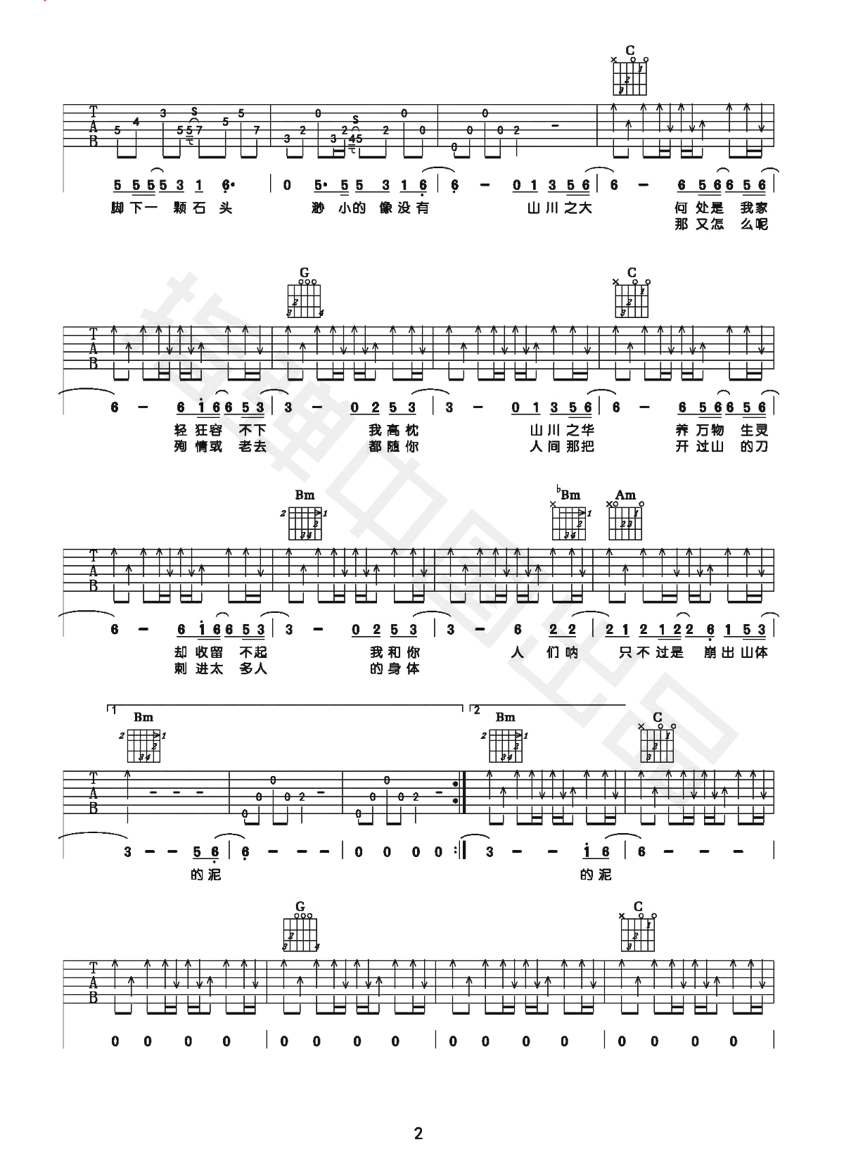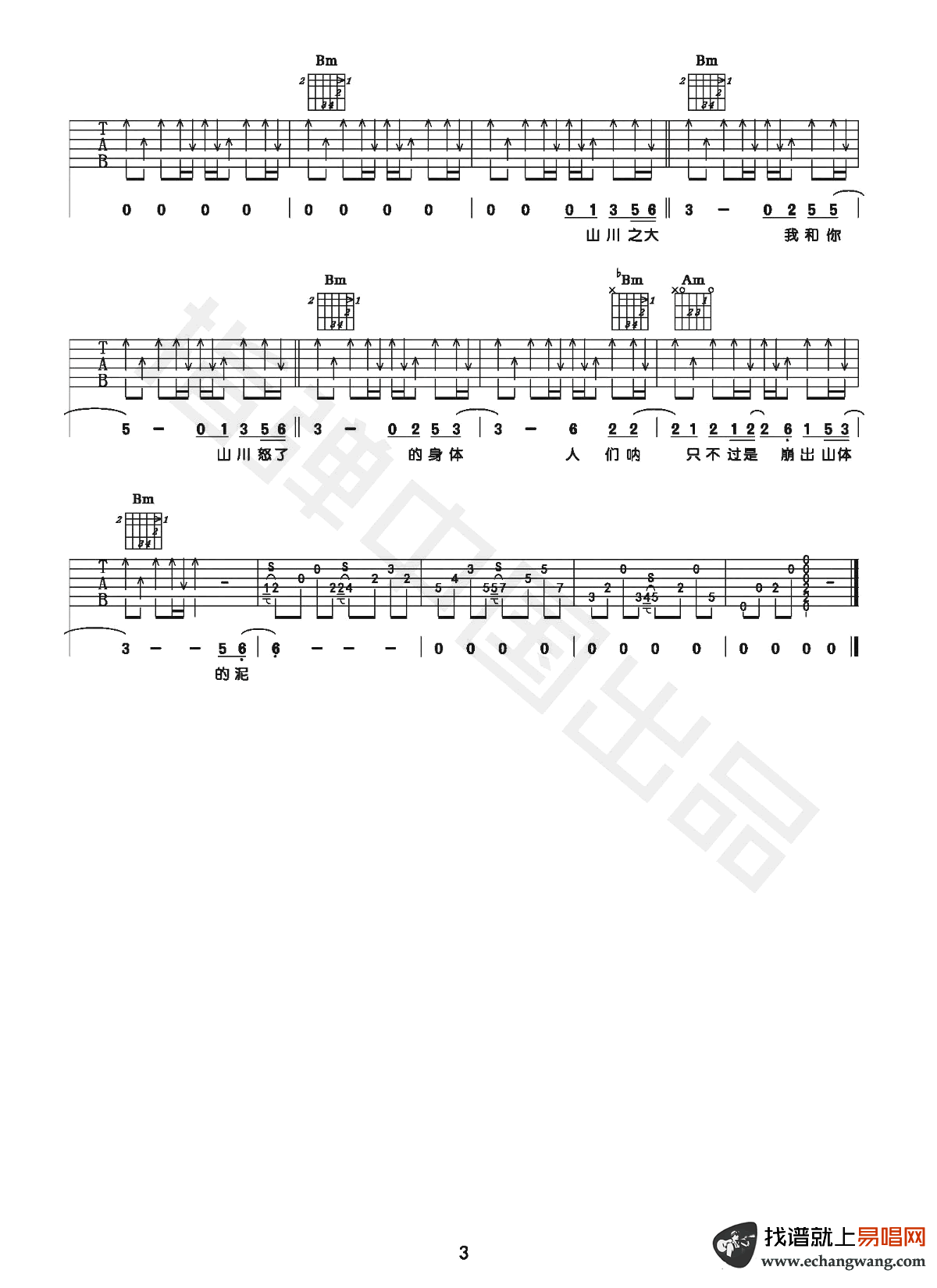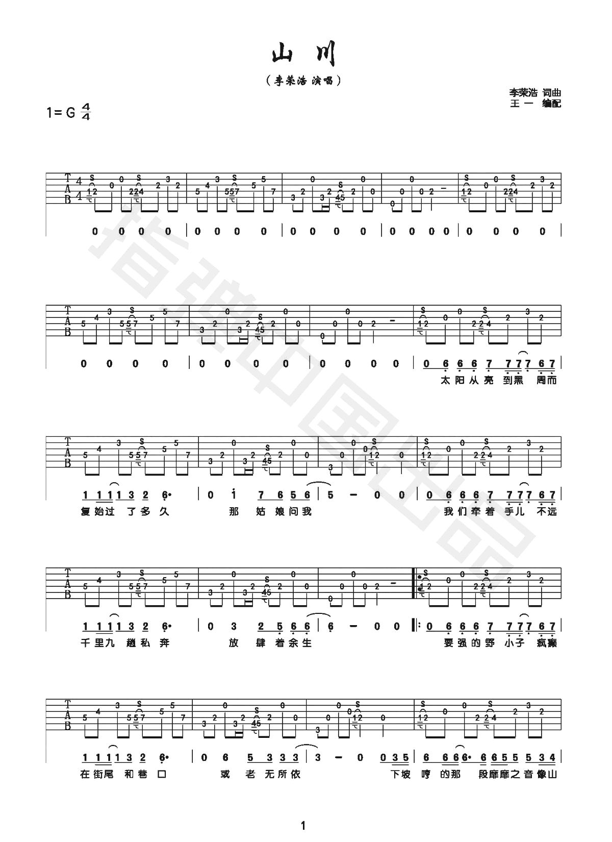 - 山川吉他谱_李荣浩_G调弹唱谱_《山川》六线谱
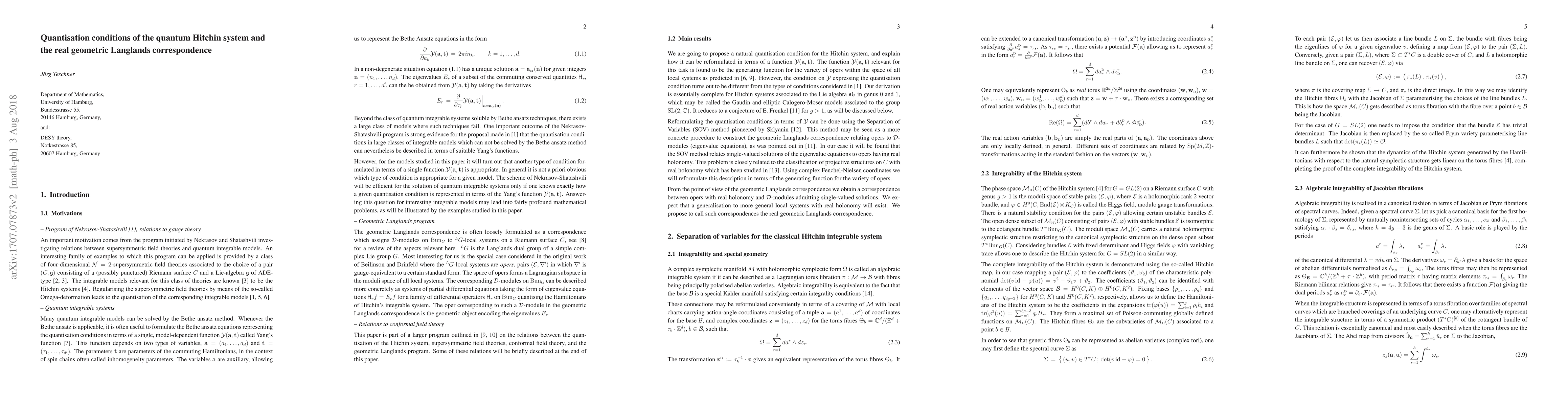 This paper proposes single-valuedness of eigenfunctions of quantised Hitchin Hamiltonians as a quantisation condition, linking the classification of eigenstates to projective structures with real holonomy, and reformulating these conditions via complex Fenchel-Nielsen coordinates to interpret them as a variant of the geometric Langlands correspondence.
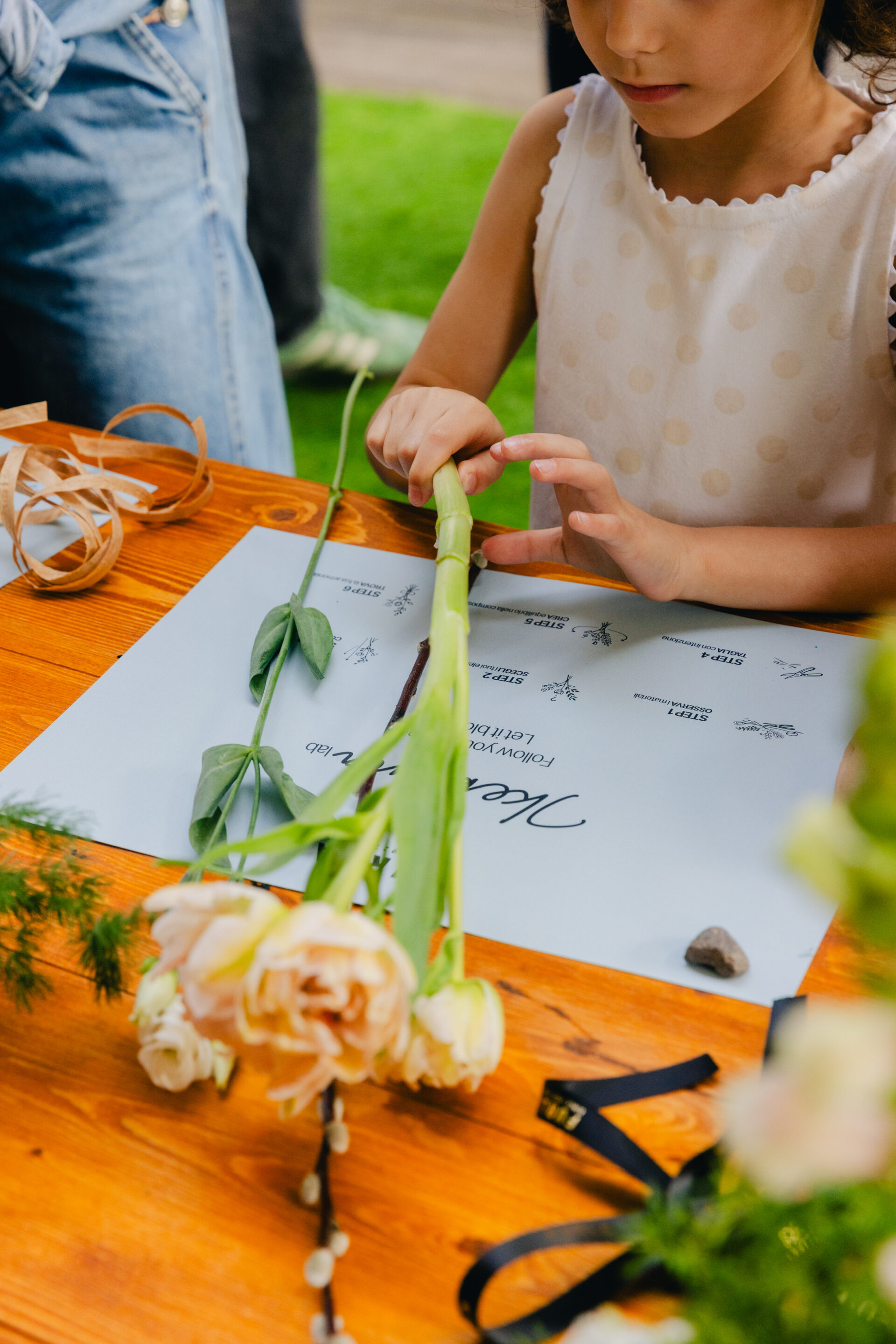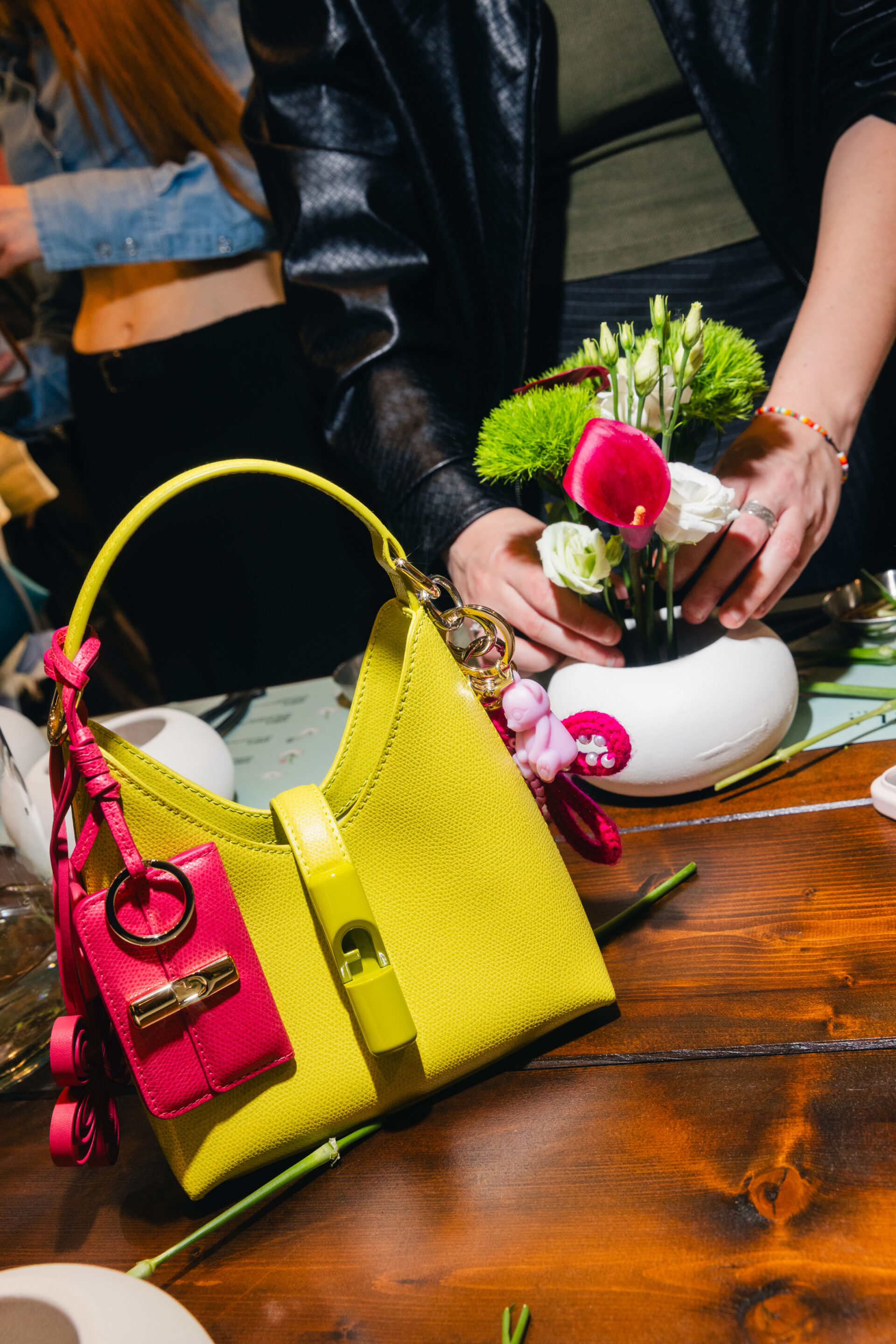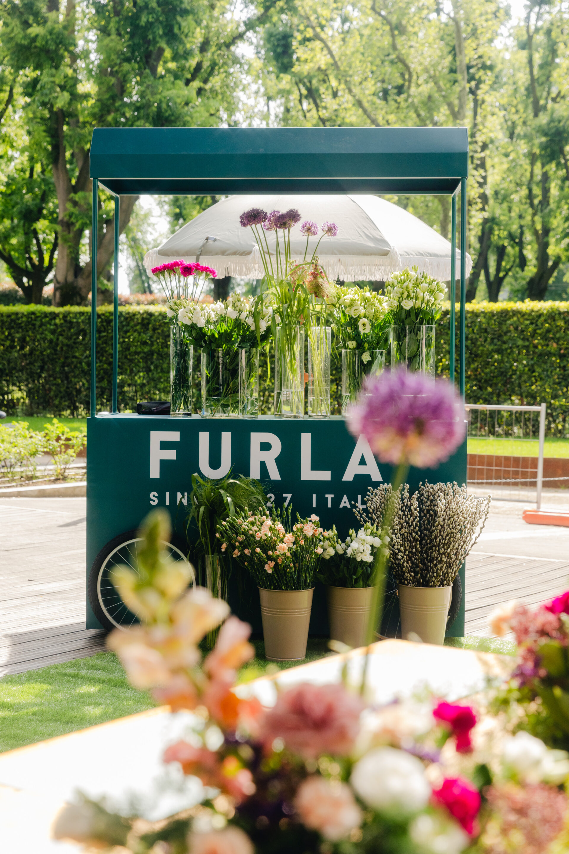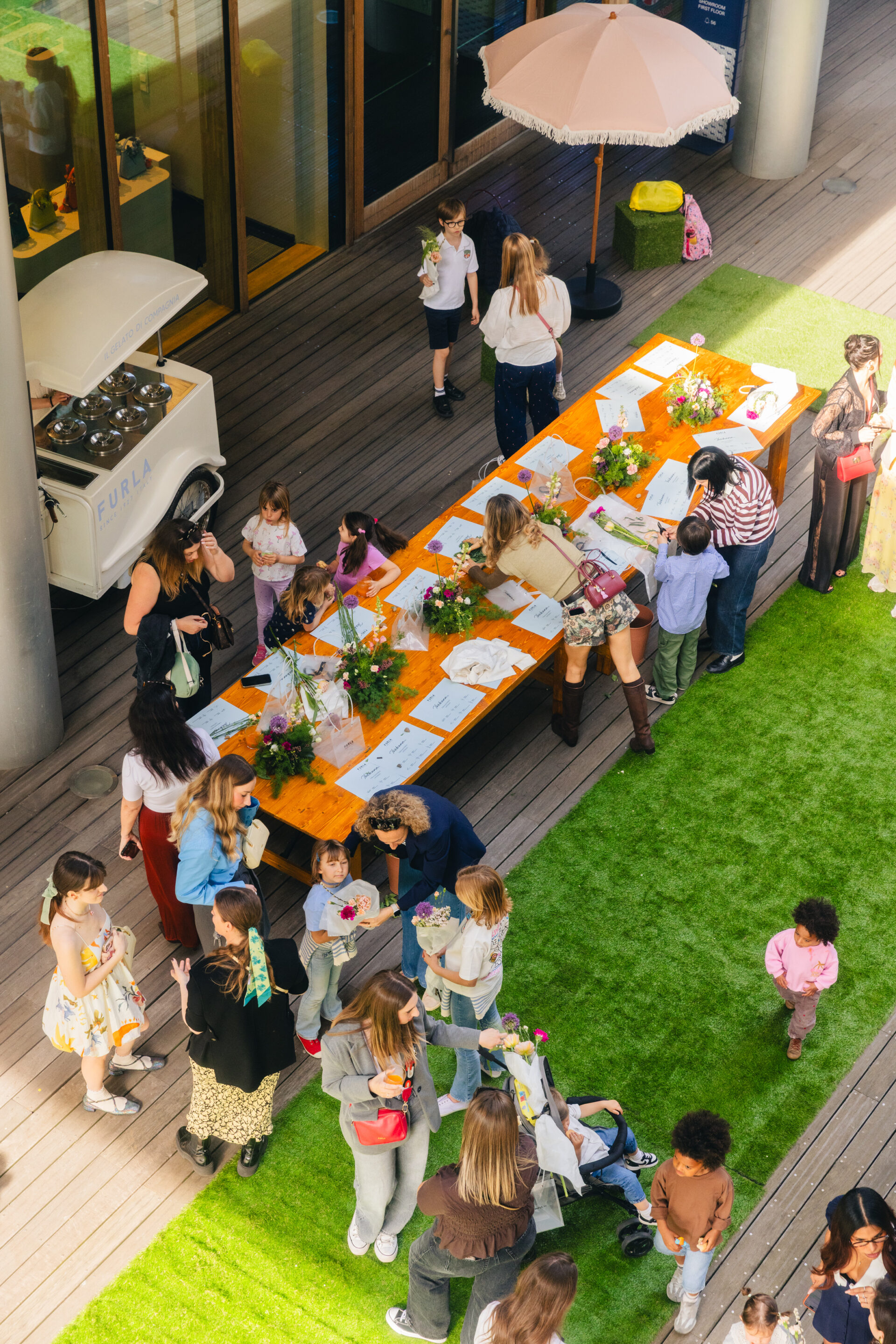 La jornada comenzó con un primer momento totalmente dedicado al público: una experiencia diseñada para madres e hijos, quienes fueron invitados a crear juntos sus propias composiciones de ikebana dentro de un entorno inmersivo, lúdico y colorido. Sombrillas de colores vivos, pufs verdes y carritos vibrantes que ofrecían aperitivos, polos helados y flores crearon un ambiente acogedor y creativo que reflejaba plenamente el espíritu lúdico de Furla, basado en la inclusión, la alegría y la conexión.

_About this exercise:_
Reproduce the data above word for word and omit the images.

_Solution for this task:_
 - 山川吉他谱_李荣浩_G调弹唱谱_《山川》六线谱
 This paper proposes single-valuedness of eigenfunctions of quantised Hitchin Hamiltonians as a quantisation condition, linking the classification of eigenstates to projective structures with real holonomy, and reformulating these conditions via complex Fenchel-Nielsen coordinates to interpret them as a variant of the geometric Langlands correspondence.
 La jornada comenzó con un primer momento totalmente dedicado al público: una experiencia diseñada para madres e hijos, quienes fueron invitados a crear juntos sus propias composiciones de ikebana dentro de un entorno inmersivo, lúdico y colorido. Sombrillas de colores vivos, pufs verdes y carritos vibrantes que ofrecían aperitivos, polos helados y flores crearon un ambiente acogedor y creativo que reflejaba plenamente el espíritu lúdico de Furla, basado en la inclusión, la alegría y la conexión.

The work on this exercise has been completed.